Да, художник был потрясён и взволнован голосом молодой незнакомой особы по телефону. В конце разговора с ней он настоял на встрече. Через некоторое время его знакомство с ней, обладательницей чудного голоса,  закончилась браком с этим неожиданным объектом своих чувств. И, несмотря на огромную разницу в возрасте, чуть более тридцати трёх лет, этот союз просуществовал почти двадцать восемь лет, прекратившись лишь из-за смерти художника. Привожу маленькую копию картины, упомянутой Ниной. Той самой картины, что была посвящена ей, а вернее - её голосу.
               
Что посвятил незнакомому голосу художник, какие чувства он хотел транслировать своей избраннице, и есть ли изображения его самого или возлюбленной живописца на этой картине, - я не успел разобраться. Меня из этого текста вырвал внезапный глас молодого человека, возвышавшегося надо мной: «Это все цветы? Ещё есть? И что стоят эти три красавицы?» И наткнувшись на мой недоумённый взгляд, зачастил:
- Тут у моей знакомой случилась знаменательная дата. Я выскочил из офиса, где с ней работаю, за цветами – надо же поздравить коллегу. И тут полный облом. Один цветочный киоск закрыт и, видно, давно.
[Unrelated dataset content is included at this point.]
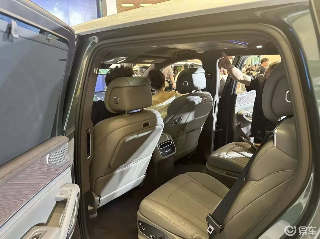 座椅采用的是2+2+2的6座布局,副驾配备了零重力女王座椅;前排和二排座椅均支持加热、通风、按摩功能,二排座椅还可以左右横向移动,并提供双小桌板、双50W无线充电、17.3英寸吸顶屏、车载冰箱;第三排提供座椅电动调节和座椅加热功能。

На стене другого такого же павильона приколота записка совершенно совкового содержания: «Ушла на базу». Так что почём остаточек, старик?» В некоторой оторопи я сумел промолвить чуть внятно: «Три рубля». Почему  назвал такую цену, я до сих пор объяснить не могу. Сказанное привело  парня в некоторое изумление:
- Три рубля? В натуре. Ну, ты даёшь, старик! Ладно, моё дело маленькое.
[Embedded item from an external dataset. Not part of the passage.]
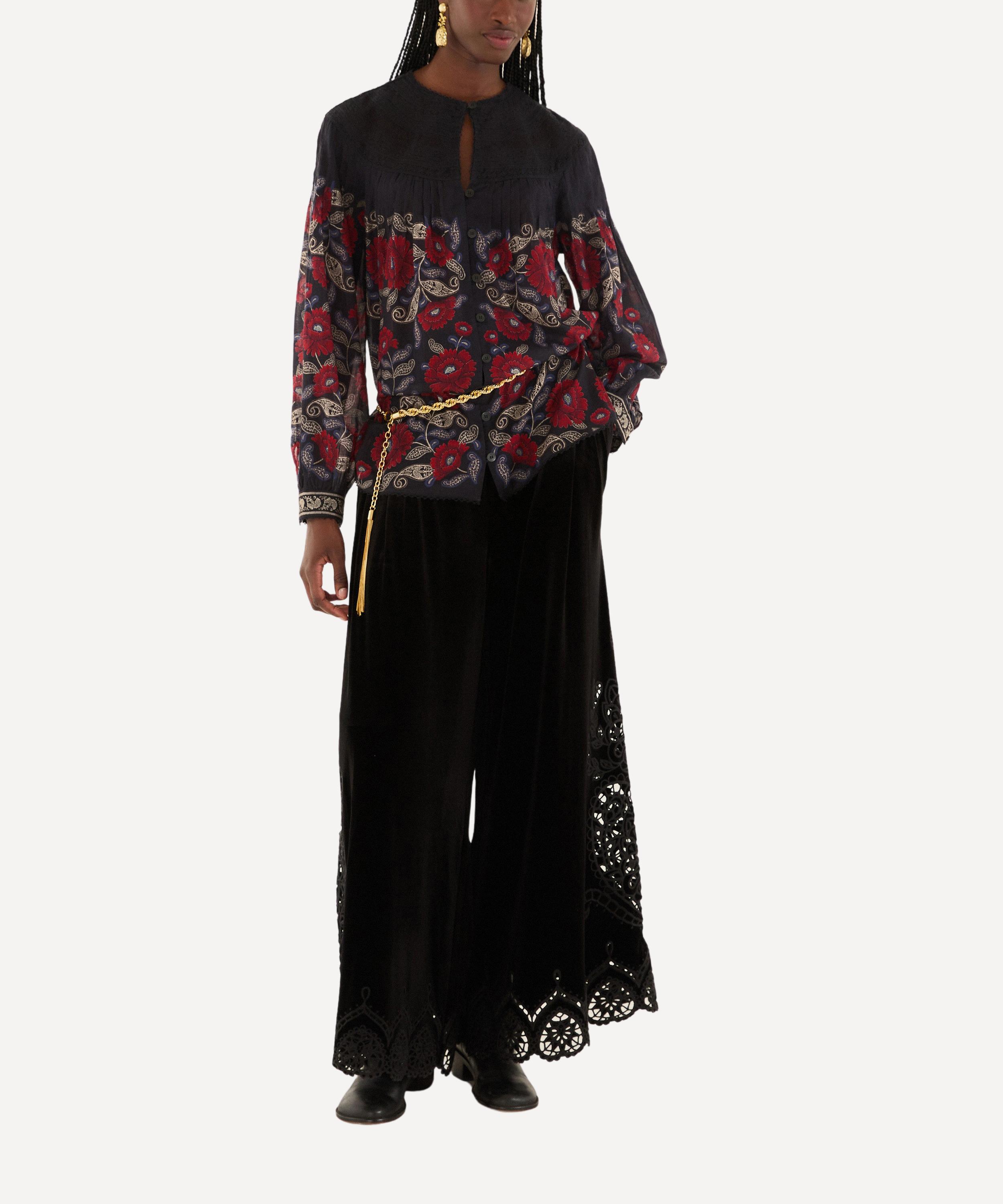 The Black Valentina Long Sleeve Blouse enchants with a high neckline, gathered yoke, and sheer fabric adorned with rich red and neutral floral paisley. Embroidered collar and cuffs add vintage-inspired charm and tactile warmth, blending elegance with a spirited touch.

Беру и бегу. Спасибо, бывай.
Я взял у юноши монеты, бросил их машинально в карман плаща. Так же машинально буркнул: «Буду», - и только в это момент очутился в московской реальности. Осознал, что уже вечер, что похолодало, и стал даже накрапывать дождь. Поэтому я взял такси и устремился домой: к теплу, к ужину, к дальнейшему общению с Голосом в более комфортных условиях.
                С наилучшими пожеланиями и уважением.
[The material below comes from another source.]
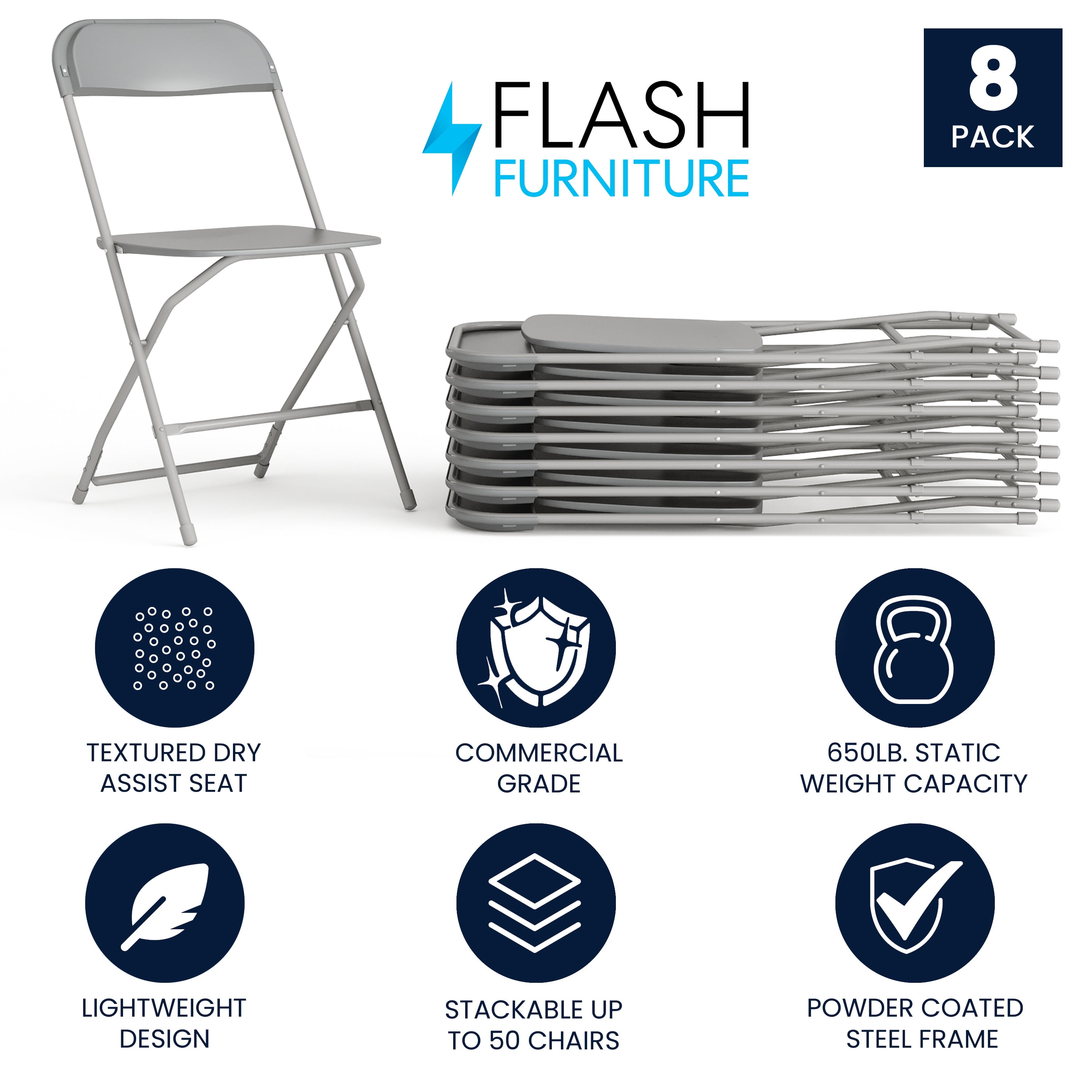 Flash Furniture Hercules Series Plastic Folding Chair Grey – 8 Pack 650LB Weight Capacity Comfortable Event Chair-Lightweight Folding Chair

                Раздумчивый amuser.

Ламентация четвёртая
Уважаемая Асмик.
Вчерашний мой день прошёл в размышлениях, в результате которых  мне нужно было принять ответственное решение. Дело в том, что одна моя хорошая знакомая решила переехать на постоянное жительство к сыну в Данию. И возникла проблема, куда пристроить кошечку довольно ценной породы. Взять её с собой она не могла по причине аллергии на кошек у одной из тамошних её внучек. Она была в курсе, что у меня был продолжительный опыт содержания этих питомцев. Ведь сия особа была многократно у меня дома и видела, как прекрасно я ладил с этими славными созданиями. Вот почему она обратилась ко мне с таким вынужденным обращением. Пытаясь определиться, я в течение дня  поведывал Голосу (с кем ещё я мог поделиться своими сомнениями) историю появления и проживания Алисы и Джавы в моих пенатах. Начал с истории обретения кошечки Алисы. С давних пор я веду приятельство с одной экстравагантной дамой, с которой познакомился на одной московской тусовке. Она особа примечательная во многих отношениях. В социальных сетях, да и в жизни тоже, позиционирует себя под псевдонимом Итак Далия. Что тут имя, а что тут фамилия – трудно определить. Но как-то так сложилось, что все её зовут просто Далия. Под этим ником она ведёт свой интернет-блок, помещая в нём время от времени свои весьма недурные стихи. Неделю тому назад выложила просто замечательный стих. Не могу удержаться оттого, чтобы не ознакомить тебя, Голос, с этим хорошим образчиком, на мой взгляд, современной поэзии.
В зыбких снах брожу по пустырю,
Неотступной думаю объята:
– Ни сестры, ни брата, – говорю, -
Ни тропинки, что ведёт обратно
В ст;пи, где целебный зреет мёд,
Где цикады распевают песни,
И цикорий звёзд в ночи цветёт,
Освещая пики гор Небесных.
                А проснусь – не помню имена
                Этих гор, страны, сестры и брата…
                Оборвалась – глазу не видна –
                Та тропинка, что вела обратно.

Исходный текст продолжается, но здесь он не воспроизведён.